What the task asks: Begin at the line below that has "Cinquante panneaux comme celui-ci". Stop after the line that has "這是8月12日在位于河南省洛陽市偃師區的二里頭夏都遺址博物館拍攝的骨猴。", repeating each line exactly and leaving out the pictures.

Task data:
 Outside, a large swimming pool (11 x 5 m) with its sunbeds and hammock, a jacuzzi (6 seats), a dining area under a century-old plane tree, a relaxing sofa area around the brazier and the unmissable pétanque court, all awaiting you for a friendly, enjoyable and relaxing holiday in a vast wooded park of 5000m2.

* * *

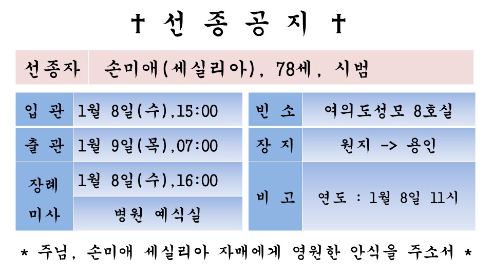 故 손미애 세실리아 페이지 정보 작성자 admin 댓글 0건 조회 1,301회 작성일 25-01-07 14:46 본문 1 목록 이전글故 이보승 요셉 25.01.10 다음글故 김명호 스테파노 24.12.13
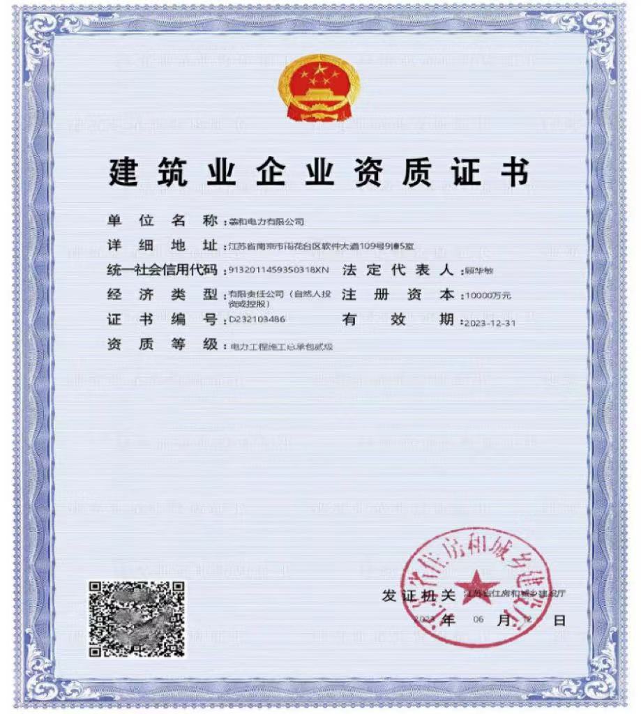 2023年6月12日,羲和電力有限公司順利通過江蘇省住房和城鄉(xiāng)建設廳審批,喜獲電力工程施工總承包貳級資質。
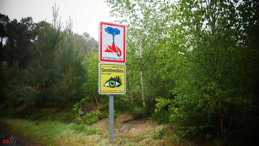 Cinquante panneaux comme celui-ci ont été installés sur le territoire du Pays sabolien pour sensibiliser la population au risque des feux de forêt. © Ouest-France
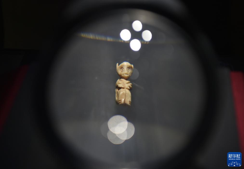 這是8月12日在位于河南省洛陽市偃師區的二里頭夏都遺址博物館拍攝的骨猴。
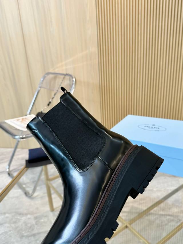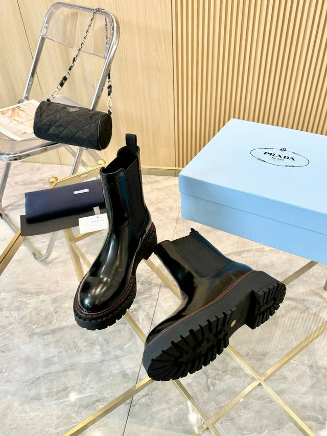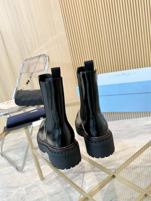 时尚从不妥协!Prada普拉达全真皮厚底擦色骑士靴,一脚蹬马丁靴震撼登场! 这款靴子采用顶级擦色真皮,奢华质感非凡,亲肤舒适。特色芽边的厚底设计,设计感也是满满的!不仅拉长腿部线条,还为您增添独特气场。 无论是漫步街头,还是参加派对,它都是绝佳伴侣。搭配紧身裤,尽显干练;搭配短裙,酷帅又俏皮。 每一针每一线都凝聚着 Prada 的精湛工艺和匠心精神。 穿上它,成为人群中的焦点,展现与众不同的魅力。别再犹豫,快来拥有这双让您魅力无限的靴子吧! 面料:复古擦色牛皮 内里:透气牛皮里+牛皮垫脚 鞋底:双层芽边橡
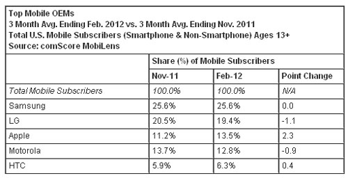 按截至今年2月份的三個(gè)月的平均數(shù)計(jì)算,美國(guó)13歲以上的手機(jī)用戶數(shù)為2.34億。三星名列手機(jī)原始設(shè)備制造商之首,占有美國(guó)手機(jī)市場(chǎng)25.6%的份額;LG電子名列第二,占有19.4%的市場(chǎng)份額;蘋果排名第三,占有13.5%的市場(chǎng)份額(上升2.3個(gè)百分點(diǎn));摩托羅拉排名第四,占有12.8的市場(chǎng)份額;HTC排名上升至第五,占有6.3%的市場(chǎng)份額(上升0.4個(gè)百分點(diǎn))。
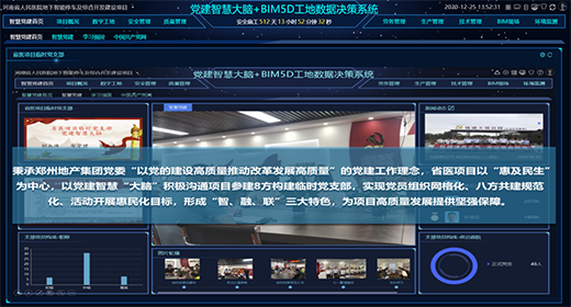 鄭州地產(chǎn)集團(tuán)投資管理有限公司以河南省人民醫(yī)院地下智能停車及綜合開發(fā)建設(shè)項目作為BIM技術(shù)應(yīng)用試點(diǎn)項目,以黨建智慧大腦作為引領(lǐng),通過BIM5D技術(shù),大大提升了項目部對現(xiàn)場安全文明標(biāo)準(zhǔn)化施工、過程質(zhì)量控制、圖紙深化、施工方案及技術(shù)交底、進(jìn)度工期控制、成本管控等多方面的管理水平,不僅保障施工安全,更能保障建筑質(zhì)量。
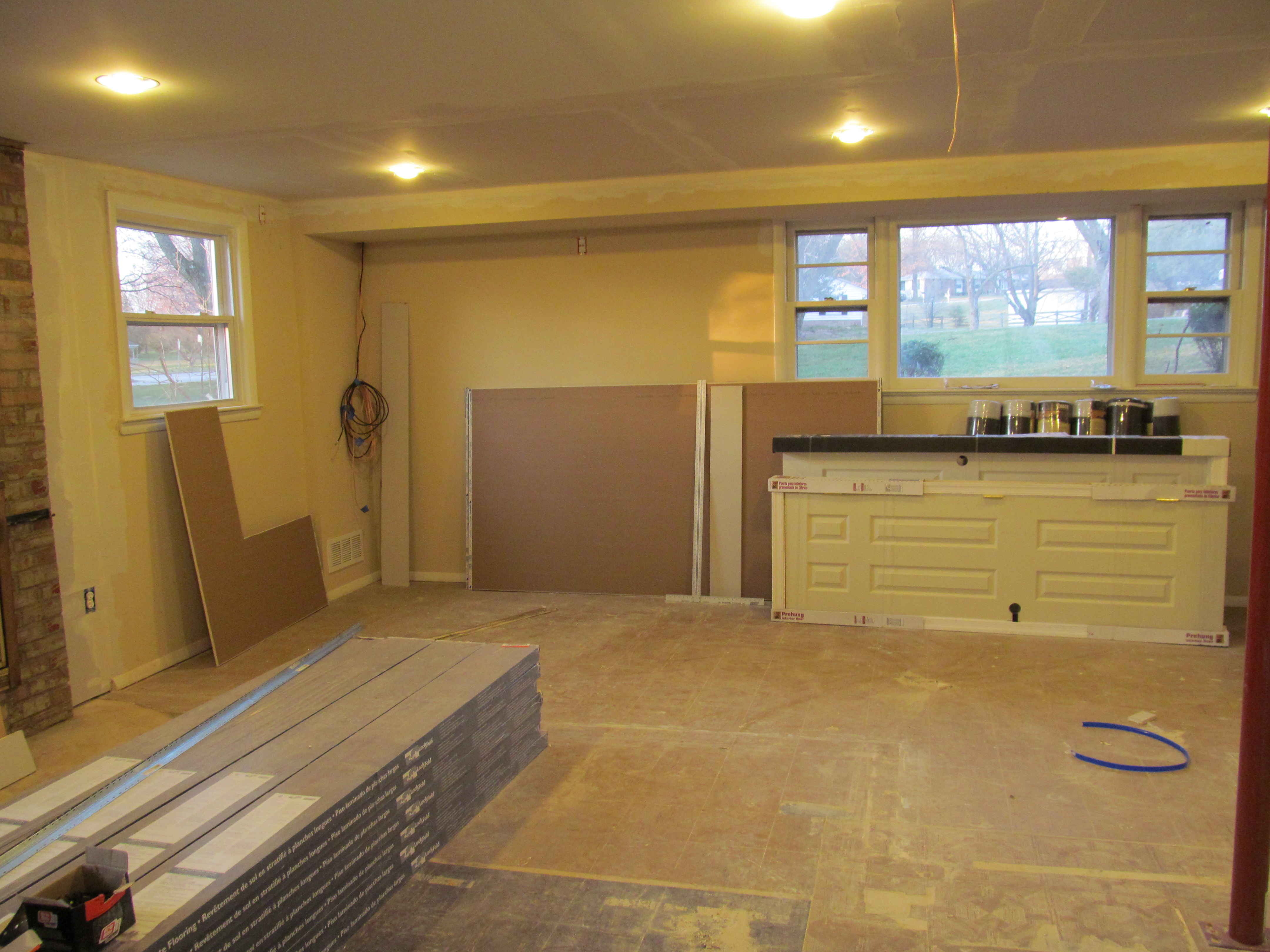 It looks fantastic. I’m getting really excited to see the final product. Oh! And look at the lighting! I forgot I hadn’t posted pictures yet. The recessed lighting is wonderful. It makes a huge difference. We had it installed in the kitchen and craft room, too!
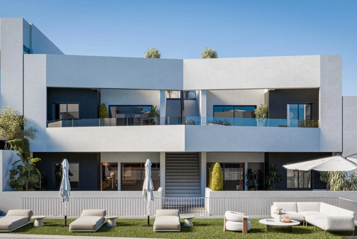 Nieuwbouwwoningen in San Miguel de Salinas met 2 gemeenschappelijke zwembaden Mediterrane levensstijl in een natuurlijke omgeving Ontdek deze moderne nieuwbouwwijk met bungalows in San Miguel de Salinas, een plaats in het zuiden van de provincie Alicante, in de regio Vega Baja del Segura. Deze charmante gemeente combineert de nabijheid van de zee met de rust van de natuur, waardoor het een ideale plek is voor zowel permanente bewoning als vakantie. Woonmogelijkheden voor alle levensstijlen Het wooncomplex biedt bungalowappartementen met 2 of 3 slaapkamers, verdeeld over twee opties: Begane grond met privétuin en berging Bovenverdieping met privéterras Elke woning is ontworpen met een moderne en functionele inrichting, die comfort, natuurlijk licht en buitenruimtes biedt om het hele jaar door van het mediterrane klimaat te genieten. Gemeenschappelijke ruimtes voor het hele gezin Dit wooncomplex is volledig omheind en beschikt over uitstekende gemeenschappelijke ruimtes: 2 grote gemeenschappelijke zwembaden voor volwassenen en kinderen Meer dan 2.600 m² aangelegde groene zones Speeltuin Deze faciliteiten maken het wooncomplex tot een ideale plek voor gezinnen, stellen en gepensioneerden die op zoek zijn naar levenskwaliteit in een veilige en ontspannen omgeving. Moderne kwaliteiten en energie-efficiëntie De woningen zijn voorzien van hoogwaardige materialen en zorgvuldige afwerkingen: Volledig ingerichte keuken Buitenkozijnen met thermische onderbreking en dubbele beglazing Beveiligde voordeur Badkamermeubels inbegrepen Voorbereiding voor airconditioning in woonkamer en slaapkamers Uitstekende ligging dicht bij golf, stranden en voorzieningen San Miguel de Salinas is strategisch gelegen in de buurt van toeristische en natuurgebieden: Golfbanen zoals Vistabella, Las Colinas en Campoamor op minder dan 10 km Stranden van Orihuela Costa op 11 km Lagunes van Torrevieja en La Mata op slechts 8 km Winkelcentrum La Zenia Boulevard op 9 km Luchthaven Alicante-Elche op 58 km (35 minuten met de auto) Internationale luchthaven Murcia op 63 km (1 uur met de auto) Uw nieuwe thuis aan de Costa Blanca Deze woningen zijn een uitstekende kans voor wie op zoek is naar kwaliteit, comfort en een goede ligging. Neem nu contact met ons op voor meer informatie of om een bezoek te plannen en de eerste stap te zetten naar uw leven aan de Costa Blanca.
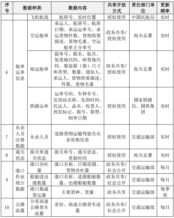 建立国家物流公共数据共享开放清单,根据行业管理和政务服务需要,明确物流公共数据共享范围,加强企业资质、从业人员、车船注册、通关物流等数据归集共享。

---

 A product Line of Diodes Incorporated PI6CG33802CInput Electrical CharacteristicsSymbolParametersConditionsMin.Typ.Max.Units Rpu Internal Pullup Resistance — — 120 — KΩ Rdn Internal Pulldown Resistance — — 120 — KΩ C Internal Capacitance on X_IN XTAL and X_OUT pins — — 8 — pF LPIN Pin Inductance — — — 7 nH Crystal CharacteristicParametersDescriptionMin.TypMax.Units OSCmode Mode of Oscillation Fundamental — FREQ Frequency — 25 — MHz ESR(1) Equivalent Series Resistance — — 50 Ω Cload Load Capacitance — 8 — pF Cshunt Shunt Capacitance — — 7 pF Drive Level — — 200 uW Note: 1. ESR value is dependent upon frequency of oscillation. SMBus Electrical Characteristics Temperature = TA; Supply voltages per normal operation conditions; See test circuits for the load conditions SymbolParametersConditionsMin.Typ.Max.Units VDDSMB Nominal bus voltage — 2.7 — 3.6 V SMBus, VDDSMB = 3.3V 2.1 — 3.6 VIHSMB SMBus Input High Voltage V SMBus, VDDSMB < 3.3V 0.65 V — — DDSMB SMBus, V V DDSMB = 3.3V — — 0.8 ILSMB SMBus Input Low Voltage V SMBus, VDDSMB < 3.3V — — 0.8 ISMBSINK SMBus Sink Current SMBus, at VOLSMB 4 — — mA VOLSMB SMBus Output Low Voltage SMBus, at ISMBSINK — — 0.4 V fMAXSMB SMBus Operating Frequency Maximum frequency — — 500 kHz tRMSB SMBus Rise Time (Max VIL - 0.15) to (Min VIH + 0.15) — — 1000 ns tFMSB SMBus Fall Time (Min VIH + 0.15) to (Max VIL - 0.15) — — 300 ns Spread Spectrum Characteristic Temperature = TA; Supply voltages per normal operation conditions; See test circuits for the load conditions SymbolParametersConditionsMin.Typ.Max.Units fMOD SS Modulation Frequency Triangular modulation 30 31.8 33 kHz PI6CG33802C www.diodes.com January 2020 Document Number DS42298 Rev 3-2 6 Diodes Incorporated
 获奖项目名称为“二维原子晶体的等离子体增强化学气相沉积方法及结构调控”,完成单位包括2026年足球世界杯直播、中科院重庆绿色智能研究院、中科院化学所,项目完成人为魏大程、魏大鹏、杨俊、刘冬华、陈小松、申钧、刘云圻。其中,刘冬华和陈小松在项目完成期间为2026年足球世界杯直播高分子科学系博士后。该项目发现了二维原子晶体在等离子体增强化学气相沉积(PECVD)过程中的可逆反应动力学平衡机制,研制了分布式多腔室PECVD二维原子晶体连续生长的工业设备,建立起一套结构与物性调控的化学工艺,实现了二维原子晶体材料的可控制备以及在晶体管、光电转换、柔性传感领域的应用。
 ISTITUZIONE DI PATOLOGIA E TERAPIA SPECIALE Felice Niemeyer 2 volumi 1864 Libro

Task solution:
 Cinquante panneaux comme celui-ci ont été installés sur le territoire du Pays sabolien pour sensibiliser la population au risque des feux de forêt. © Ouest-France
 這是8月12日在位于河南省洛陽市偃師區的二里頭夏都遺址博物館拍攝的骨猴。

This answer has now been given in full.